In 1984 he came to New York and signed with a prestigious modeling agency. While assisting a Bible-study group for actors, he learned that another Christian model was working for his agency. He sought her out, and before long he and Laura Krauss began the twice-monthly meetings of Models for Christ. They were married in 1986.

“The Poor Will Watch”

Impact, the name Models for Christ uses for public ministry, now also reaches professional people in a variety of occupations. “Our meetings are primarily evangelistic,” says Jeff. “We encourage Christians to bring their coworkers for a contemporary presentation of the gospel.”

Impact also organizes a project each month that literally puts people on the streets.
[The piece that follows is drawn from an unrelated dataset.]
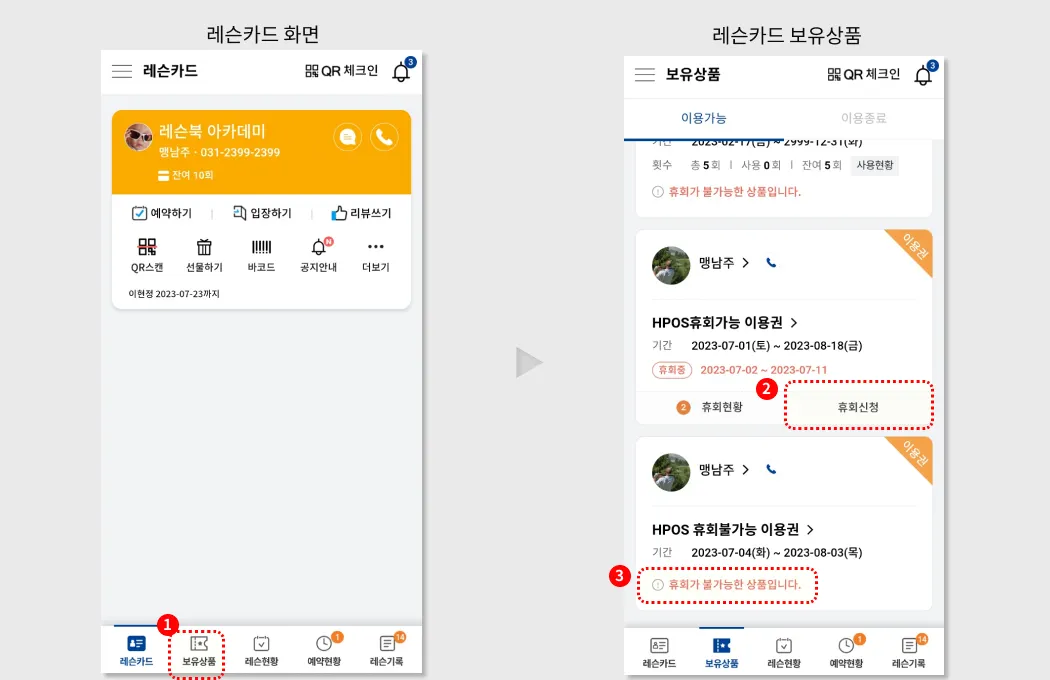 레슨카드에서 ‘보유상품’선택

One month they organized a food and clothing distribution for the Bowery mission. Another month they visited AIDS patients.

A few blocks away from the Impact meeting place, the 70-year-old Reverend Clayton Dunlop runs Saint Paul’s house, an aging brownstone that serves as a nighttime shelter for the homeless. Dunlop is tall and thin, and his ankles are swollen from walking up and down the five flights of stairs in his building. For 40 years, he has given himself to the needs of the homeless, and if his ankles are giving out, well, so is the rest of the building. He appears to have spent his years worrying more about feeding lunch every day to 300 needy people than about painting the foyer.

Last March Impact organized a work night at Saint Paul’s house. A homeless woman standing outside Saint Paul’s stood in marked contrast to the workers who arrived that night. Stunning young men and women, all casually but beautifully dressed, stepped out of cabs and walked toward the shelter. One young man was a successful contractor. Several actors and actresses had already arrived, as had a graphic designer and an architect.

Then they got down on their hands and knees and began to pull up an old, aqua carpet that smelled pungent and rained dust on them. Once the carpet was up, several workers began patching, repairing, and laying glue for new linoleum tiles. Others went upstairs and scrubbed bathrooms. One woman installed new toilet seats and shower curtains.

It was after midnight when the last worker left. The next morning, as Jeff and Laura went to their jobs with the other “beautiful people,” they thought of Dunlop, who was probably shuffling over the new flooring without even looking down. Many of the tired and hungry who used the shelter might not notice the results of the efforts of the night before.

But for others, the work would be a sign of Christ’s love in action. “God is calling his people to go out and be Christ to people,” Laura says. “The world isn’t necessarily open to preaching, so we need to be lights by helping people. Our neighbors will come out and watch. Our peers will watch. The poor will watch. And they will all say, ‘These people are doing something.’ ”

“God doesn’t want everyone to be a preacher or a missionary overseas,” adds Jeff. “He wants each of us to be a missionary wherever he puts us.”

“We’re trying to reach people who wouldn’t be open to going to church,” Laura concludes. “We have been blessed with what the world considers important—looks, a career, money. But we know those things don’t satisfy. We want to share what is really important and encourage people, whatever their problems are, by saying, ‘Why not open a Bible and see what it has for you?’ ”

By Angela Elwell Hunt, author of The Tale of Three Trees, who lives in Largo, Florida.